Il relève la tête à mon approche et me sourit sincèrement, avec chaleur, si bien que pendant une seconde je m'en veux de vouloir quitter son cours merdique. Juste une seconde, il ne faut pas pousser.
— Ash, je peux t'aider ? Un problème peut-être ?
— À vrai dire, oui monsieur, j'ai un problème. Pour être honnête je—
Sauf qu'au même moment une touffe de cheveux bruns et bouclés passe la porte et attire mon attention. Je n'y crois pas, on est dans le même cours. Mes lèvres s'étirent toutes seules, presque sournoisement. Le cours que je considérais il y a à peine cinq minutes comme le plus merdique se révèle tout à coup le plus intrigant de tous.
— Tu... ?
Merde le prof. Je l'avais complètement oublié celui-là. Je me racle la gorge en cherchant comment m'échapper de cette situation.
— Je... voulais m'excuser pour les quelques heures que j'ai éventuellement pu sécher l'année dernière.
Je me gratte l'arrière du crâne, tentant de paraître gêné.
— Oh, voilà qui est... surprenant. Ces quelques heures sont excusées Ash, mais seulement si tu t'engages à te montrer plus assidu cette année.
— J'en ai bien l'intention, je réponds avec un sourire en coin.
Je le vois froncer les sourcils, se demandant visiblement quelle mouche a bien pu me piquer, mais se contente d'un hochement de tête. Je me détourne alors de lui et repère la touffe brune au fond de la classe.
Comme je l'ai dit cette journée est pourrie sous tous ses angles, pourquoi ne pas chercher à l'améliorer en s'amusant un peu ? Je traverse donc l'allée un sourire aux lèvres et m'arrête juste à côté de lui. Sauf qu'il ne prend pas la peine de relever la tête.
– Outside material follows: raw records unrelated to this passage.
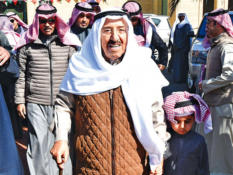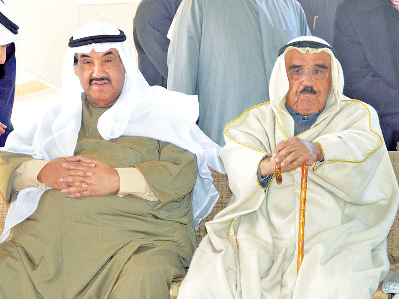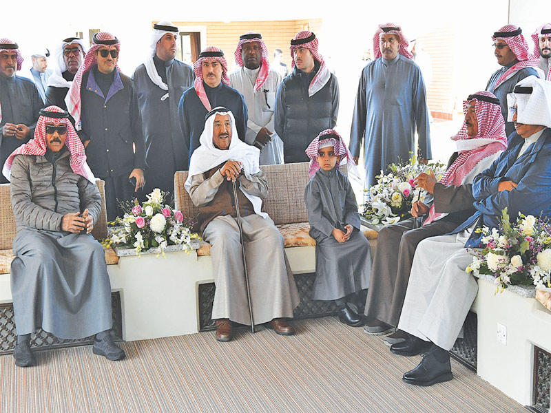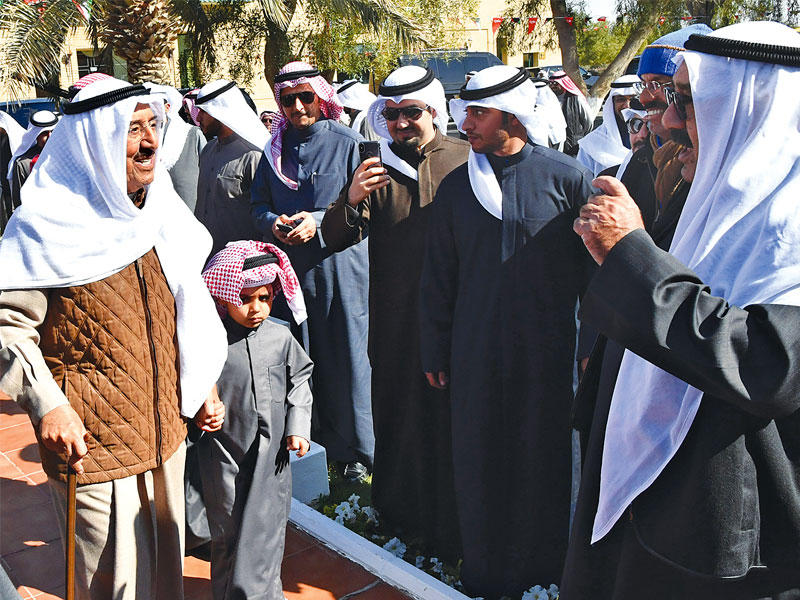 سمو الأمير وسمو ولي العهد لدى وصولهما إلى عزايز... ويبدو برفقة صاحب السمو حفيده محمد حمد الصباح
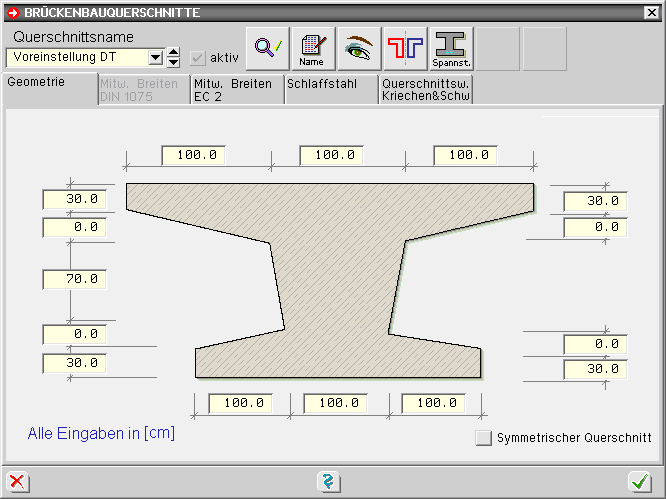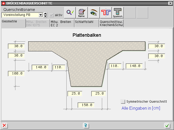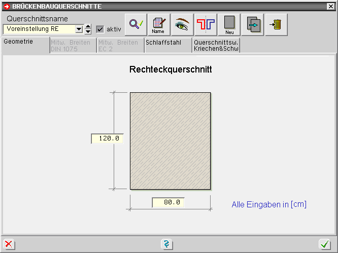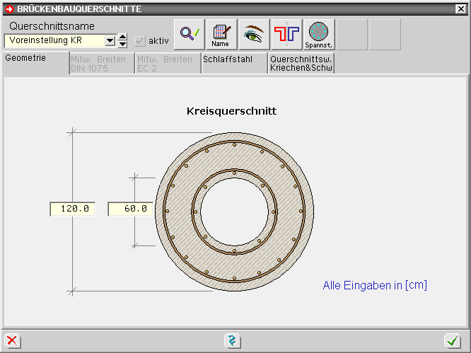 | Grundsätzlich ist die Eingabereihenfolge beliebig; vor der Eingabe der Schlaff- und Spannstahleinlagen muss
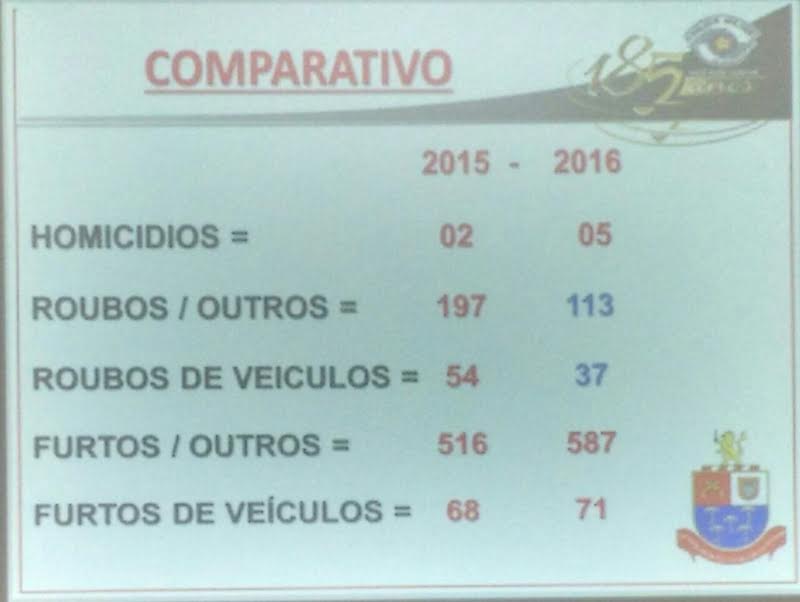 Foi dado destaque para a redução dos números de Roubos e Roubos de Veículos em 2016, em comparação a 2015.
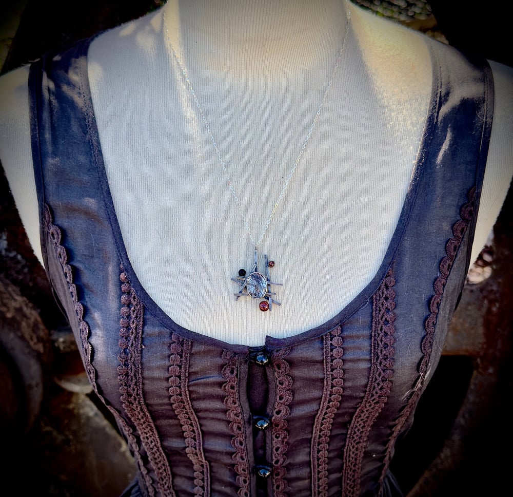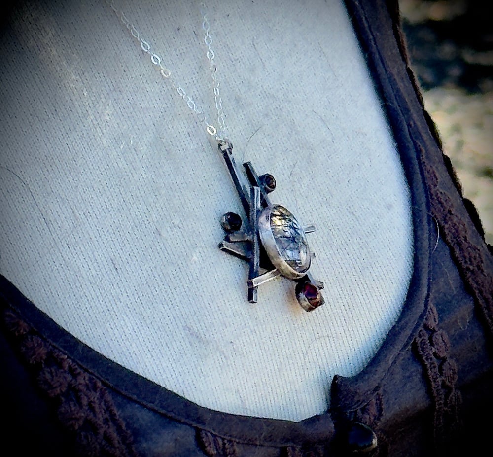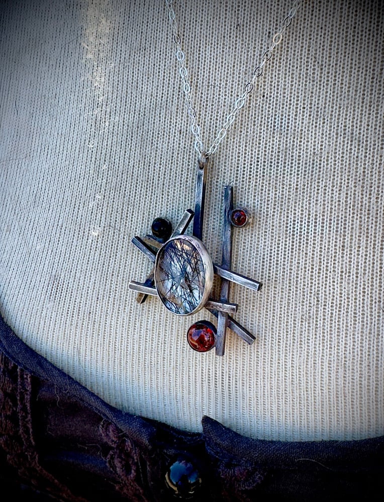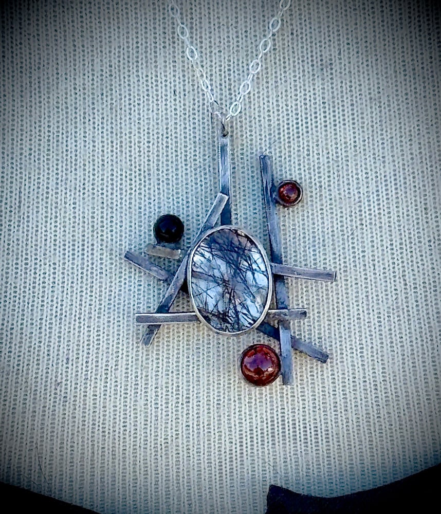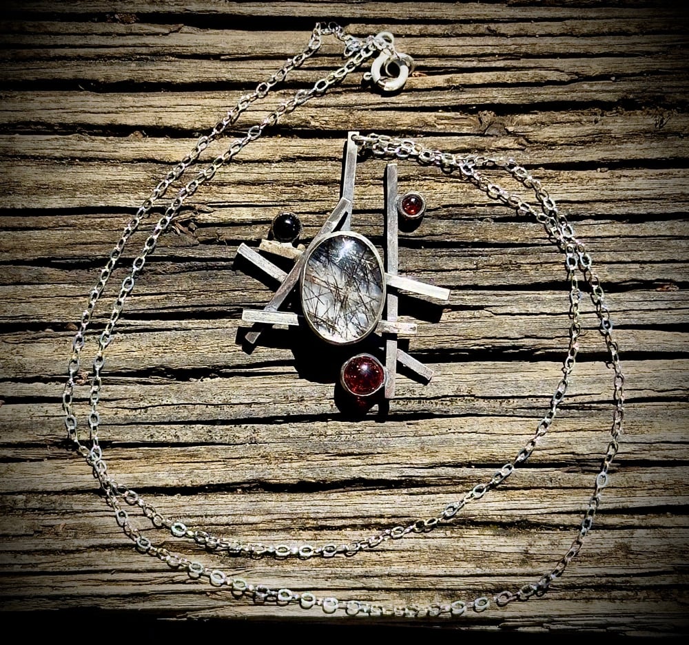 Sterling Silver, Tourmalated Quartz, Garnet, & Black Onyx
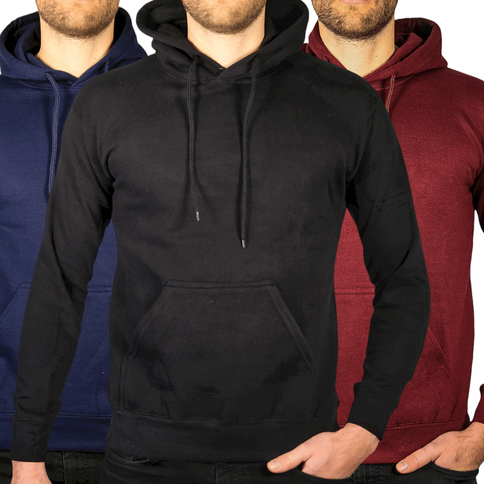 3x Adult Mens 100% Cotton Fleece Hoodie Jumper Pullover Sweater Warm Sweatshirt - M
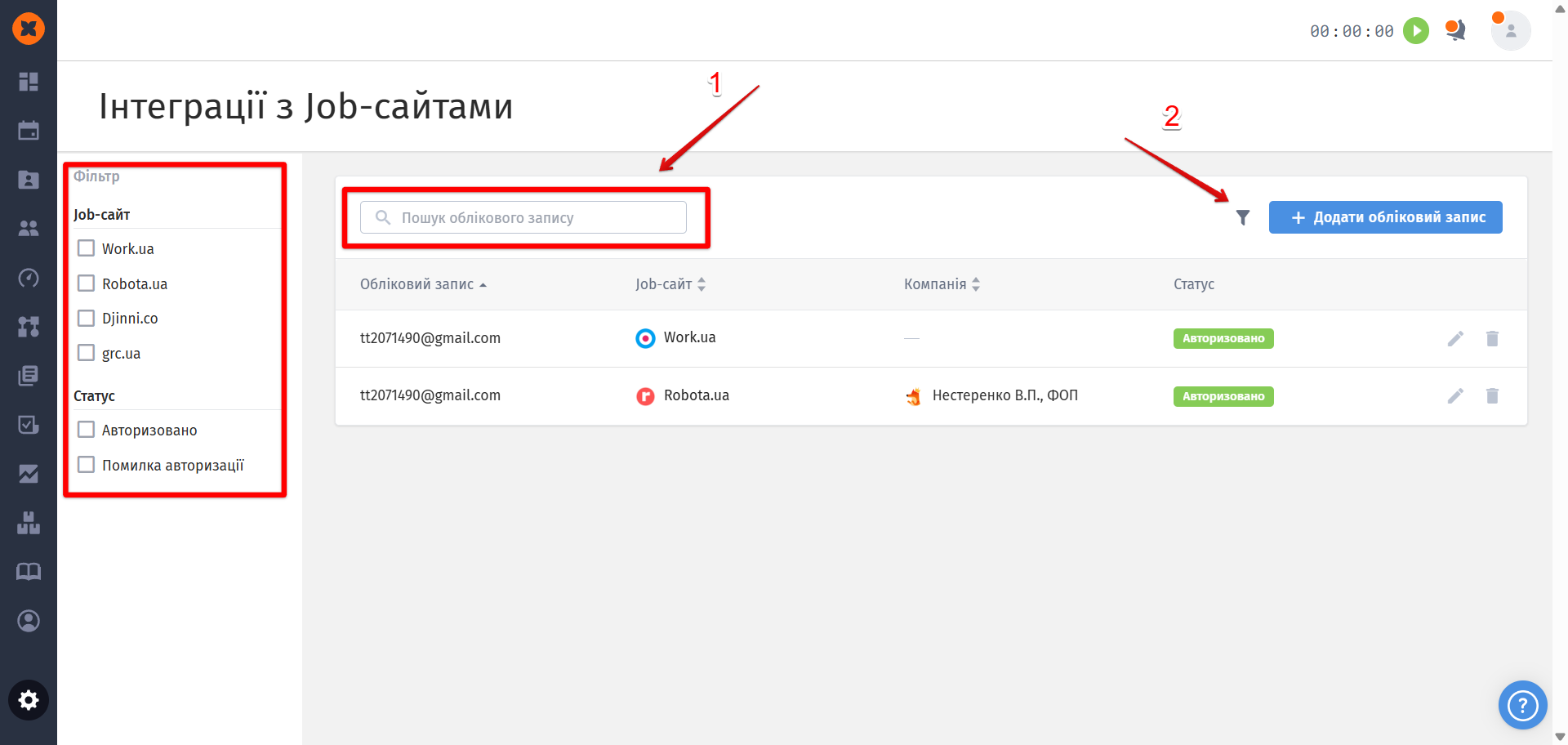 Цей розділ є центром керування вашими зовнішніми ресурсами для рекрутингу. Він дозволяє підключити облікові записи провідних джоб-порталів до системи для подальшої інтеграції з вакансіями, автоматизації публікацій та збору відгуків.
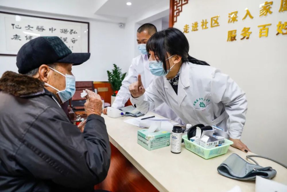 上墩卫生院惠民社区卫生服务站为老人提供服务
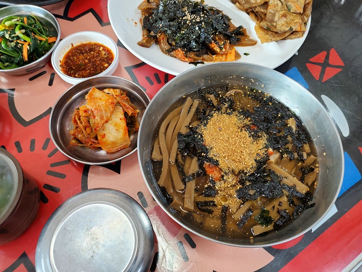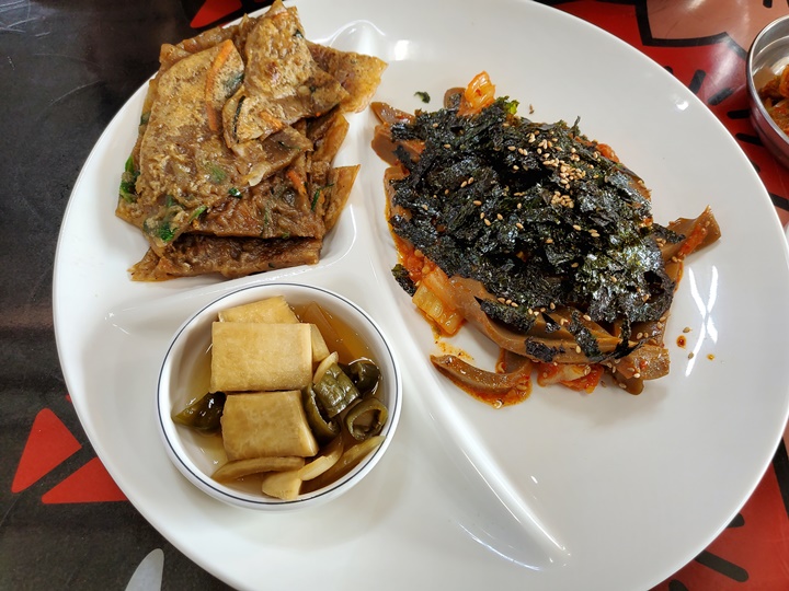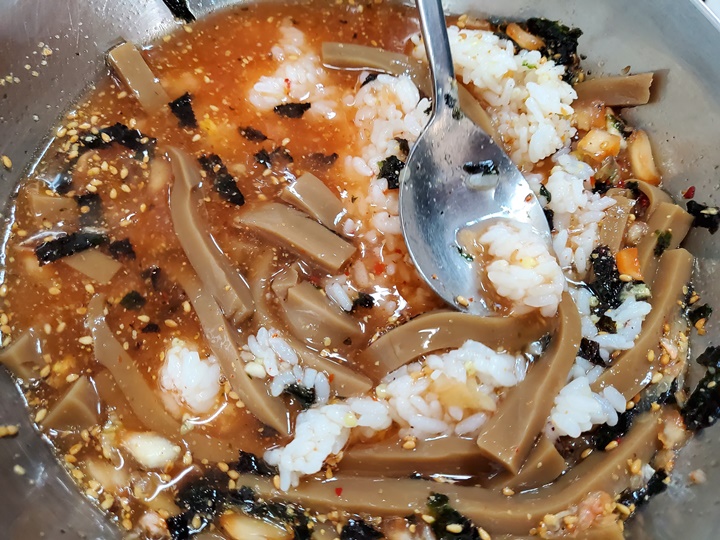 반찬은 3가지가 나오는데 날마다 바뀌는 듯? 이번에는 잘 익은 배추김치, 시금치나물, 초장과 함께 데친 미역이 나왔는데 반찬도 맛있다. 특히 시금치나물이 짜서 맛있음;;;
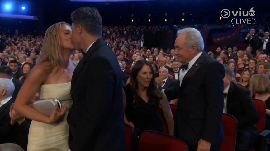 09:47 - 長壽直播綜藝節目的特別周年篇章《SNL50:The Anniversary Special》團隊奪得「最佳綜藝特約直播節目獎」,施嘉莉祖安遜丈夫Colin Jost亦為得獎人之一,在上台前夫妻擁吻。
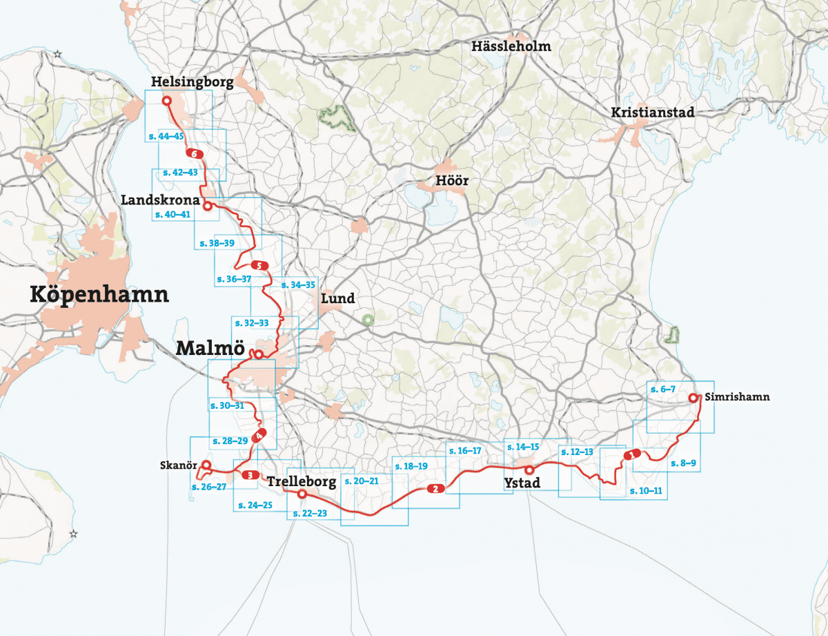 Sydkustleden följer den skånska kusten från Simrishamn till Helsingborg. Leden är 26 mil lång och uppdelad på sex etapper. Du tar dig mestadels fram på lättrampade cykelbanor eller småvägar med gles biltrafik. Utbudet av både boende och mat är stort längs vägen och du passerar ett oräkneligt antal fina stränder, badklippor, bryggor och kallbadhus.

Il va donc falloir s'imposer.
— Cette place est prise ?
Enfin il relève la tête vers moi, ou plutôt il se dévisse le cou pour me dévisager. Je dois me faire violence pour ne pas rire devant l'incompréhension et la surprise dans ses yeux. Mais ça ne dure pas. Il se ressaisit et son visage jusque-là si expressif se referme. Je vois sa mâchoire se serrer et il rabaisse la tête, m'ignorant royalement.
Prenant un réel plaisir à la situation, je m'installe à côté de lui.
— Asocial je présume ?
Je sais qu'il va comprendre la référence. En effet, sa réponse ne tarde pas.
— Quoi, tu fais dans l'humour maintenant ? "Dégage".
Bingo. Il s'est tourné vers moi et me regarde dans les yeux. Je prends alors le temps d'étudier son visage, ou plutôt les dégâts que j'y vois. Le crochet de Bryan est toujours aussi efficace. Mais ce sont toujours ses yeux qui attirent le regard chez lui. Je suis sûr que toutes les filles craquent pour ce gris étrange.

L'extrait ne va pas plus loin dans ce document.